#### Aim of the exercise:
Take the entries below and reproduce exactly the portion that begins at the line containing "The East Timorese" and ends at the line containing "华凌空调 超省电MAX神机挂机 超一级能效大1.5匹", keeping both ends, dropping pictures, and adding nothing else.

#### Provided information:
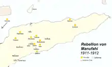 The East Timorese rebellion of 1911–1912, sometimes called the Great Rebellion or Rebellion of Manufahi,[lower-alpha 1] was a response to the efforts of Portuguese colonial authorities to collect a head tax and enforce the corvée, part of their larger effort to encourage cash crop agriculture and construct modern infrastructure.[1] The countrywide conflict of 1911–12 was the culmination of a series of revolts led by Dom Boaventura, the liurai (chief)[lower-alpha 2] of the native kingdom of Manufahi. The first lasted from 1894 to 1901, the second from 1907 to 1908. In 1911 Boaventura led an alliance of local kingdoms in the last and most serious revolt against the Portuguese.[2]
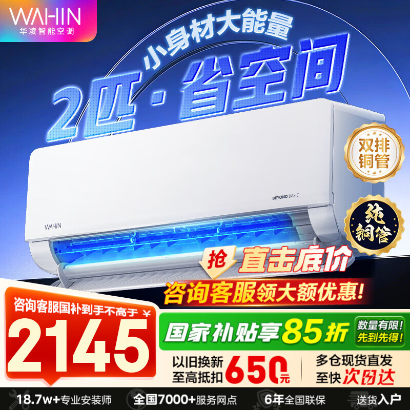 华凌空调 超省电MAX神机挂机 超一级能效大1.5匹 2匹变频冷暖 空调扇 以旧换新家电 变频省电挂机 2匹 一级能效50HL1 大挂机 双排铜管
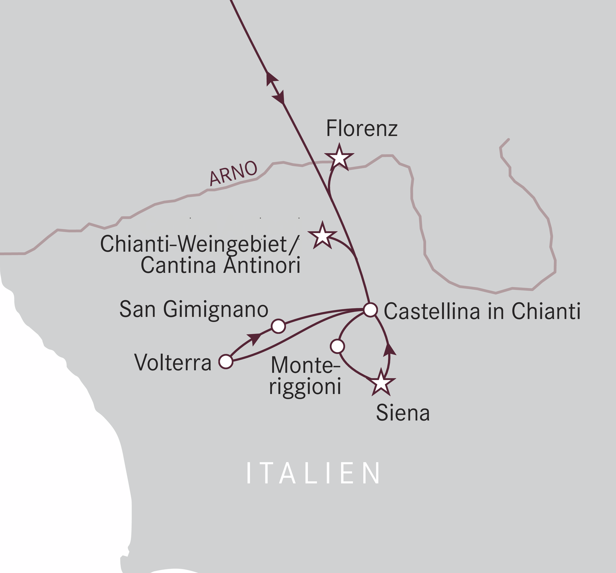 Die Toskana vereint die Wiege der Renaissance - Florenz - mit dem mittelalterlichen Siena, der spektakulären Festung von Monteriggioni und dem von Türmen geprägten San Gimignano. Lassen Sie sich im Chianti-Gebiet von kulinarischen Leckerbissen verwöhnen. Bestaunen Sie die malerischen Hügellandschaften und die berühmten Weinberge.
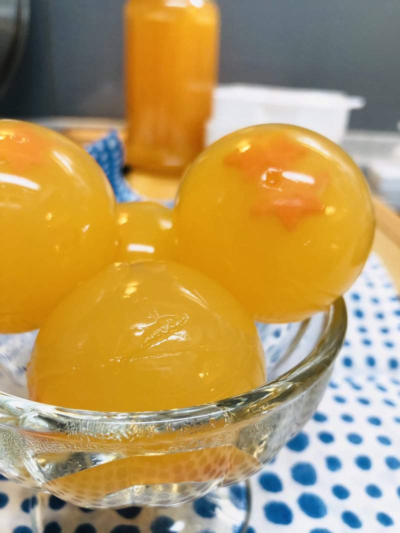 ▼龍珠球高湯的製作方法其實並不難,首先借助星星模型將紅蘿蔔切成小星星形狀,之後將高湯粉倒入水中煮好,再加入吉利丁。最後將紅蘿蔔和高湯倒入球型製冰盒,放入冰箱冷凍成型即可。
--
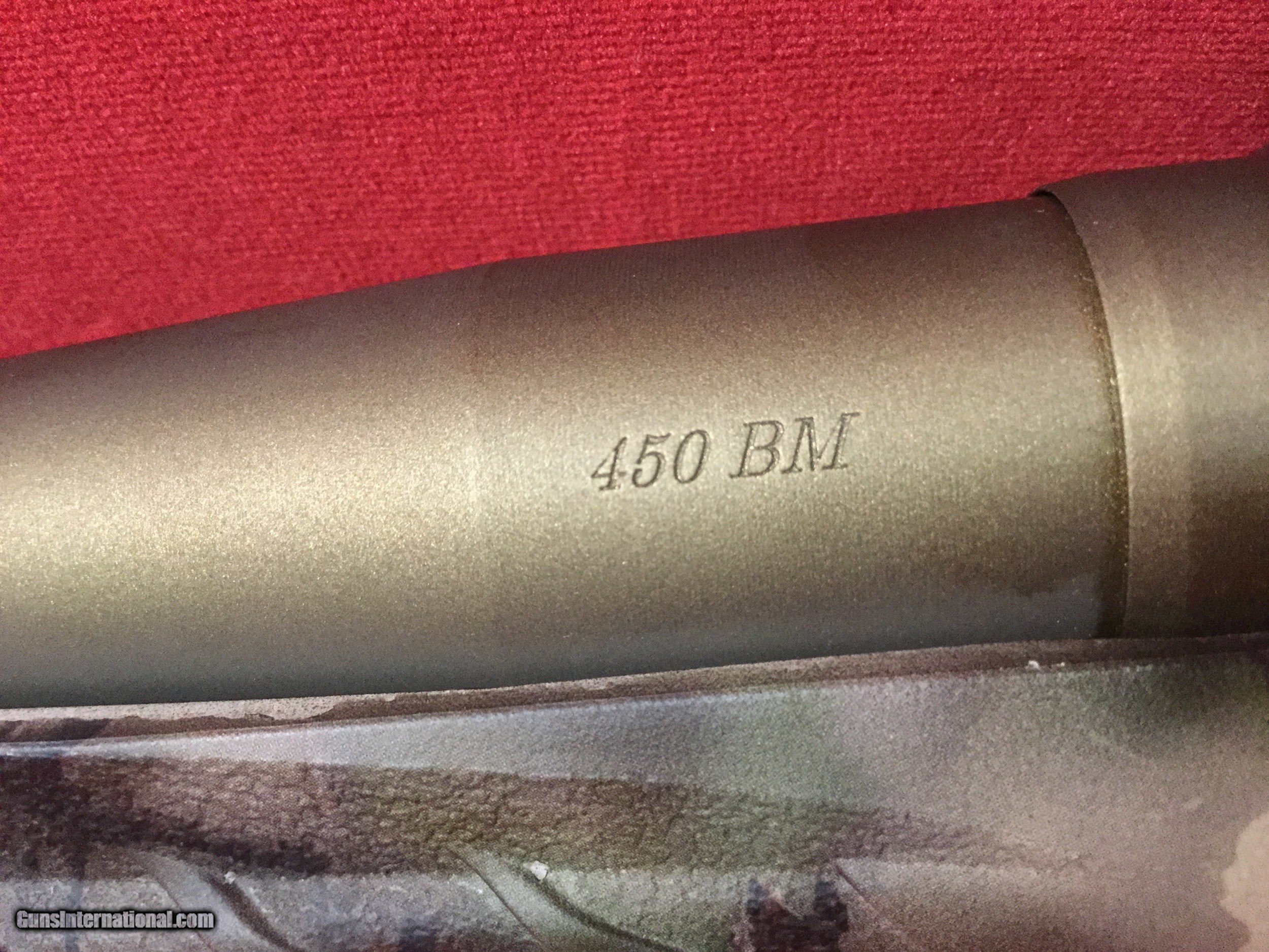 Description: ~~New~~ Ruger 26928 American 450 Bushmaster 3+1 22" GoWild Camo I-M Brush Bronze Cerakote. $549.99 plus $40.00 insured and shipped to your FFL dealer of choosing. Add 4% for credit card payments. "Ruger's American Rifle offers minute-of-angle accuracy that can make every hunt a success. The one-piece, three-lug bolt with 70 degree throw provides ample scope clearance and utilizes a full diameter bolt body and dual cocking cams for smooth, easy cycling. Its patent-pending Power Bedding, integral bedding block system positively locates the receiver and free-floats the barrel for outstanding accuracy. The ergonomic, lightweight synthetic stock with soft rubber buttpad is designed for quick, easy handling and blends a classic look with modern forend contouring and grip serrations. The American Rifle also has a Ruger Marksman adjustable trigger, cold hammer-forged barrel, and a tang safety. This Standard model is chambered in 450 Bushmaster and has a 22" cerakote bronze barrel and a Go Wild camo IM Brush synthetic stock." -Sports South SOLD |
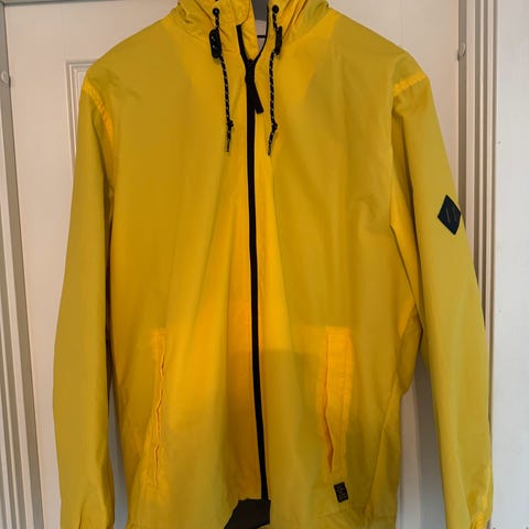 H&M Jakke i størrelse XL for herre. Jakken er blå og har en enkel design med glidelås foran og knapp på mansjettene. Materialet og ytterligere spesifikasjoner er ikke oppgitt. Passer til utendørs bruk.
==
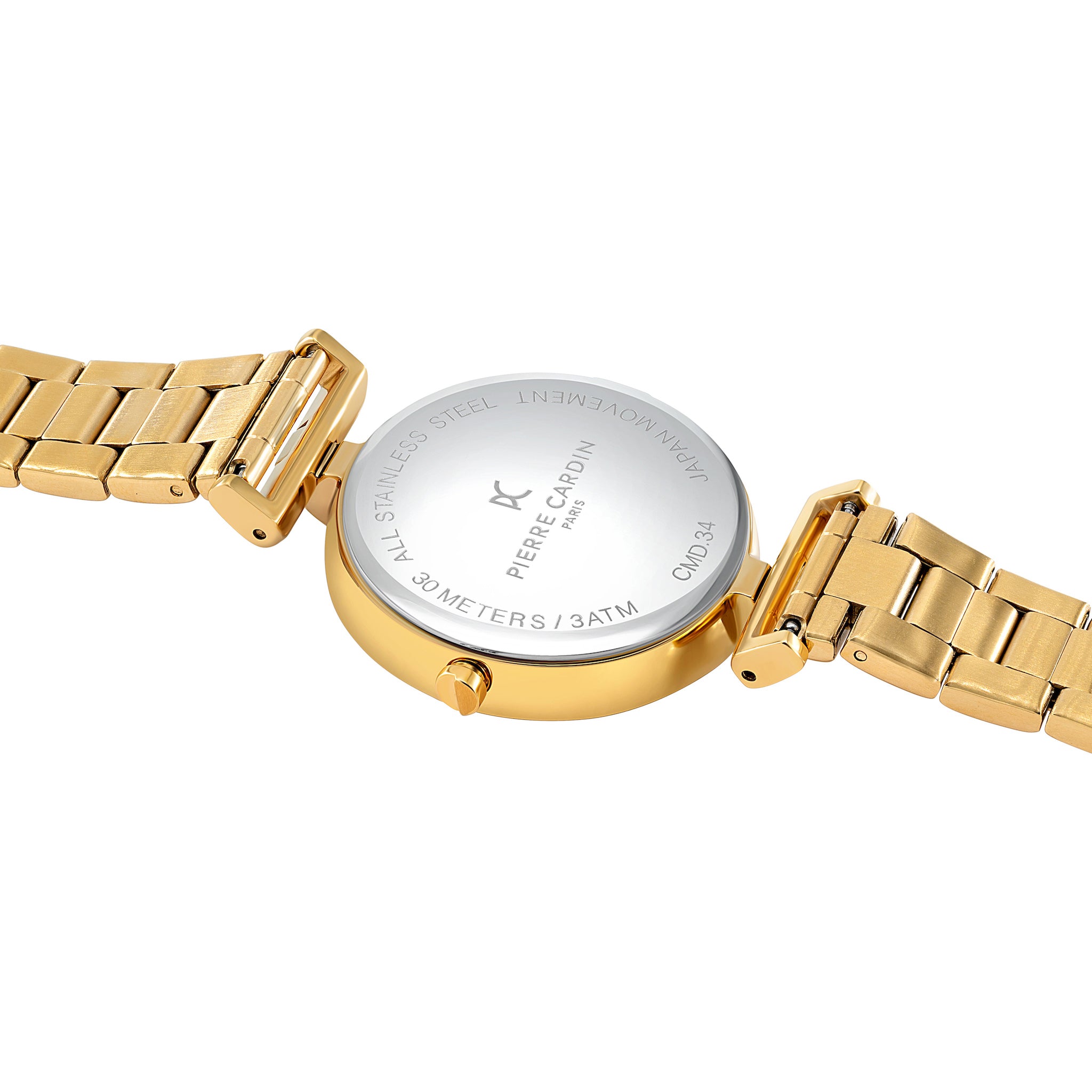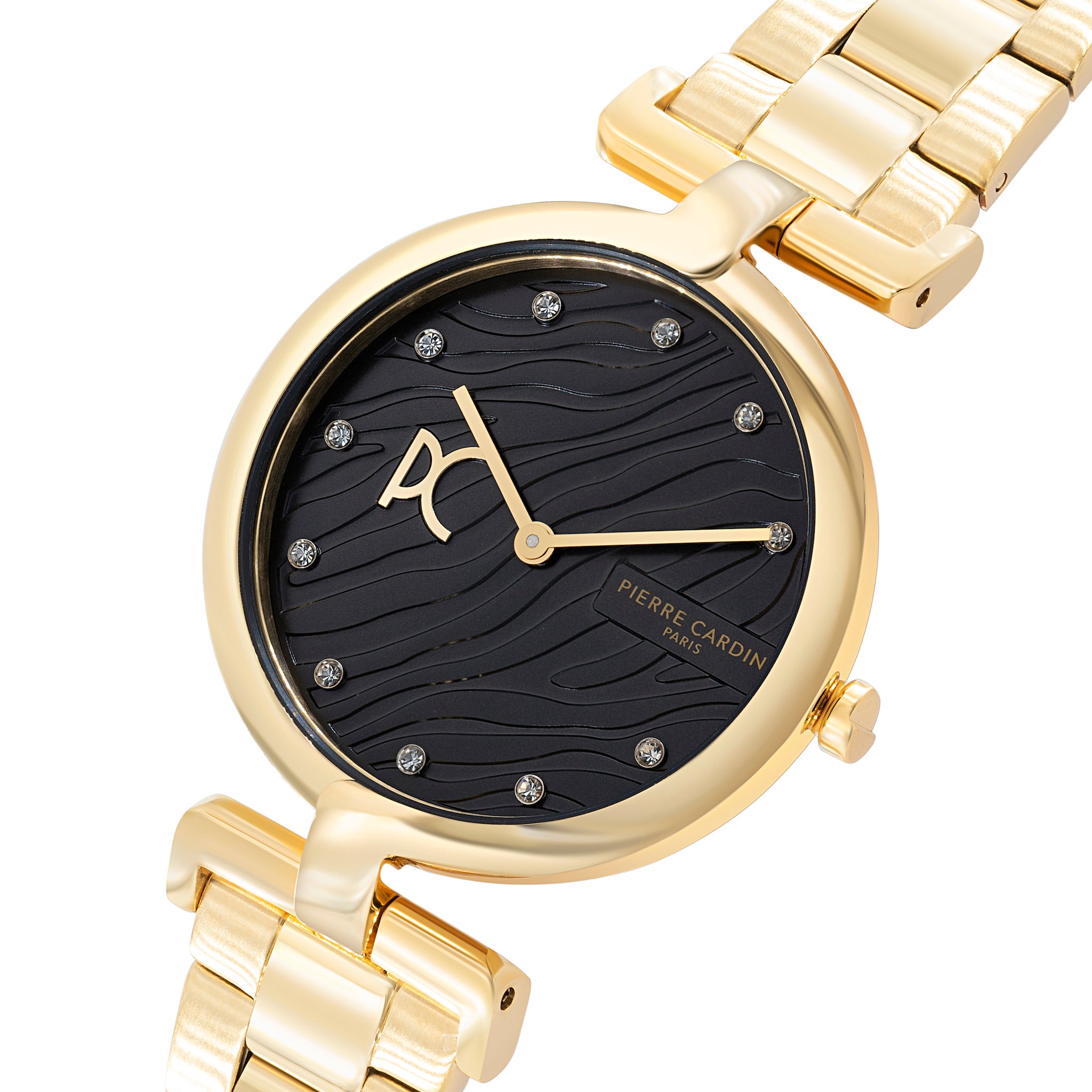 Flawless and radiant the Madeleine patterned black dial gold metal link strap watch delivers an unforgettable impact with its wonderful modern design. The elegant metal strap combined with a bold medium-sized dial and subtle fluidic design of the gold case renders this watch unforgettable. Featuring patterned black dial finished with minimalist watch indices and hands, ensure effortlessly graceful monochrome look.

#### Answer section:
 The East Timorese rebellion of 1911–1912, sometimes called the Great Rebellion or Rebellion of Manufahi,[lower-alpha 1] was a response to the efforts of Portuguese colonial authorities to collect a head tax and enforce the corvée, part of their larger effort to encourage cash crop agriculture and construct modern infrastructure.[1] The countrywide conflict of 1911–12 was the culmination of a series of revolts led by Dom Boaventura, the liurai (chief)[lower-alpha 2] of the native kingdom of Manufahi. The first lasted from 1894 to 1901, the second from 1907 to 1908. In 1911 Boaventura led an alliance of local kingdoms in the last and most serious revolt against the Portuguese.[2]
 华凌空调 超省电MAX神机挂机 超一级能效大1.5匹 2匹变频冷暖 空调扇 以旧换新家电 变频省电挂机 2匹 一级能效50HL1 大挂机 双排铜管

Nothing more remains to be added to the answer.